The five task modules and what each one is for.

PyCaret 4.0 ships five task modules. Each one exposes an Experiment class that drives the same verb surface — fit, create_model, compare_models, tune_model, predict_model, finalize_model, save_model, load_model. The differences live in what data each module accepts and which estimators its registry contains.

ModuleClassUse when…
pycaret.classificationClassificationExperimentTarget is categorical (binary or multiclass).
pycaret.regressionRegressionExperimentTarget is continuous.
pycaret.clusteringClusteringExperimentNo target — group rows by similarity.
pycaret.anomalyAnomalyExperimentNo target — flag outliers.
pycaret.time_seriesTimeSeriesExperimentForecasting from a time-indexed Series.

You can also import all of them from pycaret.tasks:

from pycaret.tasks import (
    ClassificationExperiment,
    RegressionExperiment,
    ClusteringExperiment,
    AnomalyExperiment,
    TimeSeriesExperiment,
)

Classification#

Predicts a categorical target. Built-in registry includes LogisticRegression, RandomForest, ExtraTrees, GBM (sklearn), LightGBM, XGBoost, CatBoost (when installed), KNN, SVM, NaiveBayes, DecisionTree, AdaBoost, RidgeClassifier, LDA, QDA, MLP, and a few more. Multi-class is auto-detected from the target.

Default metrics: Accuracy, AUC, Recall, Precision, F1, Kappa, MCC.

Regression#

Predicts a continuous target. Registry covers Linear/Ridge/Lasso, ElasticNet, Bayesian Ridge, OMP, PassiveAggressive, KNeighbors, DecisionTree, RandomForest, ExtraTrees, AdaBoost, GBM, MLP, LightGBM, XGBoost, CatBoost, SVR, KernelRidge.

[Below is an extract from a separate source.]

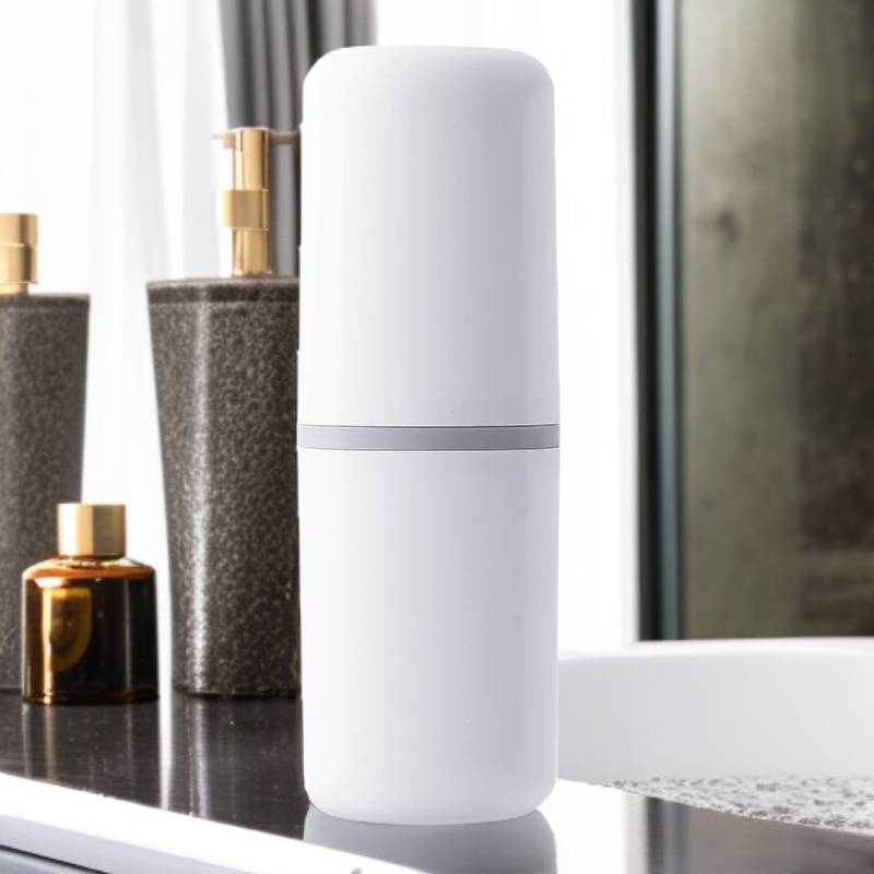 علبة تخزين لفرشاة ومعجون الأسنان، تصميم محمول للسفر، مواد آمنة وصحية، مقاومة للرطوبة، سهلة التنظيف، مناسبة للحقائب، تحافظ على الأدوات منظمة ونظيفة أثناء التنقل.

Default metrics: MAE, MSE, RMSE, R², RMSLE, MAPE.

Clustering#

No target. Registry: KMeans, AffinityPropagation, MeanShift, Spectral, Agglomerative, DBSCAN, OPTICS, Birch, KMode (when kmodes is installed), HDBSCAN (when installed).

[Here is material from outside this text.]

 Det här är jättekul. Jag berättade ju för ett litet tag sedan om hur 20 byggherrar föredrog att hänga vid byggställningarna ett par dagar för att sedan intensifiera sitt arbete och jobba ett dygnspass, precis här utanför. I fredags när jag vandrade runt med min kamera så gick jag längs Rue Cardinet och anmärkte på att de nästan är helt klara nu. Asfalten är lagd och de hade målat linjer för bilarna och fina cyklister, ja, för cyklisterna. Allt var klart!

Default metrics: Silhouette, Calinski-Harabasz, Davies-Bouldin, Homogeneity, Rand, Completeness.

assign_model(pipeline) returns a copy of the input with a Cluster column attached — a one-liner for handing labelled data back to downstream consumers.

Anomaly detection#

No target. Registry uses pyod adapters: IForest, KNN, COPOD, ECOD, LOF, PCA, MCD, ABOD, CBLOF, HBOS, OCSVM, SOS, SOD.

assign_model(pipeline) returns a copy of the input with Anomaly (0/1) + Anomaly_Score columns attached.

Time-series#

Forecasting on a univariate Series with a regular DatetimeIndex / PeriodIndex. Built on sktime. Registry covers naive, snaive, polytrend, arima, auto_arima, exp_smooth, ets, theta, stlf, croston, plus reduced-regressor adapters (lr_cds_dt, rf_cds_dt, xgboost_cds_dt, …).

The TS module differs from the others in two important ways:

  1. No train/test split via train_size — instead, the holdout is the last fh periods (the forecast horizon). Pass fh=12 for "predict the next 12 periods".
  2. Seasonality is auto-detected from the index frequency via Fourier autocorrelation. Pass seasonal_period= to override.

Default metrics: MASE, RMSSE, MAE, RMSE, MAPE, SMAPE, R², COVERAGE.

Choosing a module#

If you have a target column, you're in classification or regression — the dtype of the target picks between them (categorical → classification; numeric → regression).

If you don't have a target, you're in clustering or anomaly — pick by the question you're asking ("group these" → clustering; "which are weird" → anomaly).

If your data is a time series, use TimeSeriesExperiment regardless of whether you'd otherwise call it regression.